As we fast approach the post-antibiotic era, the urgency for novel antimicrobials and innovative strategies to combat resistance intensifies. Biofilms, which exhibit high antimicrobial tolerance and facilitate resistance gene transfer, are major contributors to antimicrobial resistance (AMR) and pose persistent challenges across healthcare, food safety, industry, and the environment. My research investigates plasma-activated water (PAW), an emerging technology that uses plasma, the fourth state of matter, to alter water’s physicochemical properties, producing antimicrobial reactive oxygen and nitrogen species (RONS). As a Postdoctoral researcher, I have demonstrated PAW’s effectiveness as an anti-biofilm alternative across multiple sectors.

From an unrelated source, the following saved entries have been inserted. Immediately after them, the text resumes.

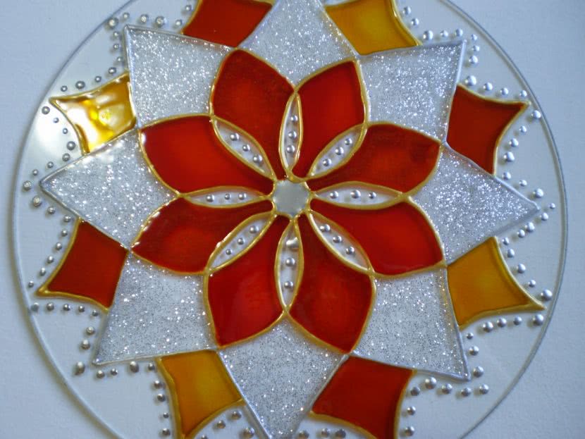 Для начала обезжириваем поверхность CD-диска спиртом либо одеколоном. После высыхания наносим несколько слоев гуаши, пока он не перестанет просвечиваться. В центральную часть вклеиваем картонный кружок, который должен быть немного больше чем отверстие в диске.
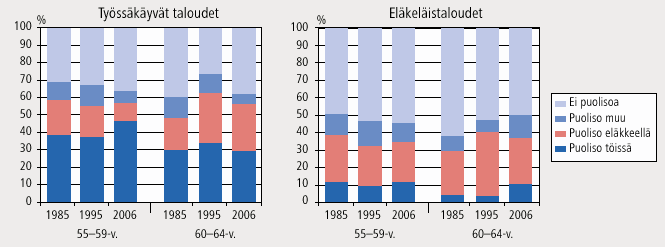 Osassa työssäkäyvien kotitalouksissa puoliso on siirtynyt jo eläkkeelle. Tämä on yleisempää 60 vuotta täyttäneillä tai sitä vanhemmilla erityisesti vuosina 1995 ja 2006, jolloin jo 40 prosenttia työssäkäyvien puolisoista oli siirtynyt eläkkeelle. Keskimäärin noin kymmenesosassa 55-64-vuotiaiden kotitalouksista puoliso on työelämän ulkopuolella työttömyyden tai vastaavan seurauksena. (Kuvio 1.)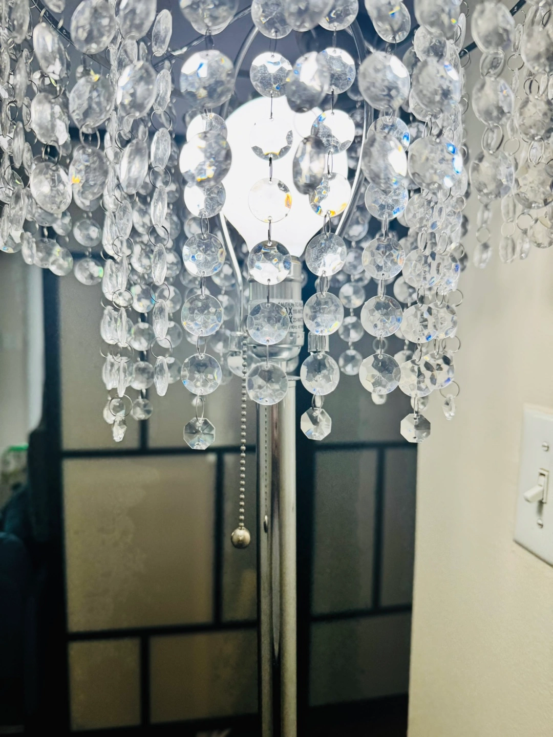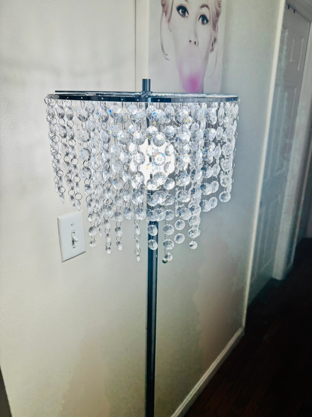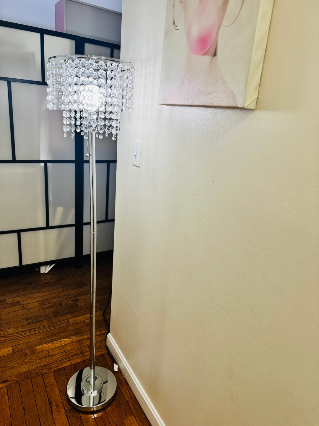 Add a touch of elegance to any room with this chandelier-style floor lamp! It features a silver-tone finish and cascading faux crystals that create a beautiful, shimmering effect. This lamp is perfect for living rooms, bedrooms, or any space where you want to add a bit of glamour. Easy to transport. Pet-free home. Ready for pickup from Jamaica Hills 11432.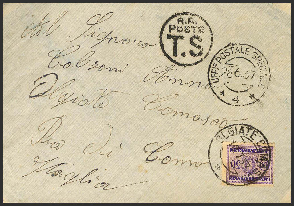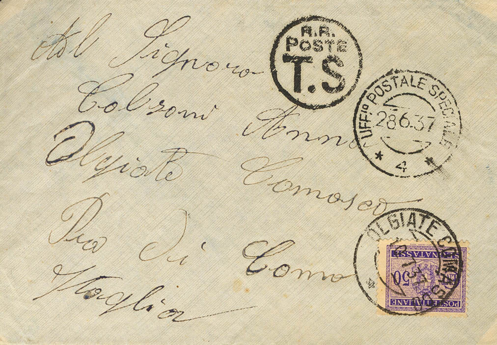 1938. Dirigida a OLGIATE COMASCO (ITALIA). Tasada a la llegada, aplicando sello de tasa de 50 cts violeta, en el frente fechador UFFº POSTALE SPECIALE / *4* y marca circular R.R. / POSTE / T.S. de tasa. MAGNIFICA Y RARA.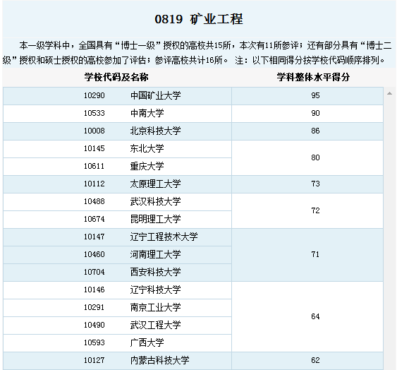 举个例子,矿业工程这一学科也是争议很大的。这一专业进了6所高校:北京科技大学、中国矿业大学、中南大学、中国矿业大学(北京)、南京大学、武汉大学。先看2012年学科评估结果:

This talk will focus on PAW’s biomedical applications, particularly in treating chronic wound infections, and its broader utility in decontaminating biofilm-contaminated stainless-steel surfaces, tools, and equipment, problematic across varying sectors. In an in vitro skin model using human keratinocytes, PAW pre-treatment significantly enhanced the efficacy of topical antiseptics, polyhexamethylene biguanide, povidone iodine, and MediHoney, against Escherichia coli biofilms. Mechanistically, PAW-derived RONS rapidly disrupt bacterial membranes, potentiating antiseptic action. In another key study, we evaluated how different input gases (e.g., air, nitrogen, argon, oxygen) affect PAW's efficacy. PAW generated with oxygen (PAW-oxygen) was most effective in eradicating E. coli biofilms on stainless-steel, linked to increased intracellular ROS. Superoxide anion radical was deemed a key ROS in PAW-oxygen with potent anti-biofilm activity. In a follow-up study, transcriptomic analysis of E. coli biofilms exposed to sub-lethal PAW-oxygen revealed a 40% shift in gene expression associated with several biological pathways like sulfur metabolism and oxidative phosphorylation. Knockout mutants of key upregulated genes (trxC, cysP, nuoM) showed reduced viability, highlighting superoxide’s role.
Overall, my Postdoctoral research highlights PAW's potential to target multiple microbial components, reducing opportunities for resistance. Using an interdisciplinary approach that bridges microbiology, engineering, and plasma physics, I present PAW as a transformative novel solution to tackling biofilms and AMR, with broad applications across multiple sectors.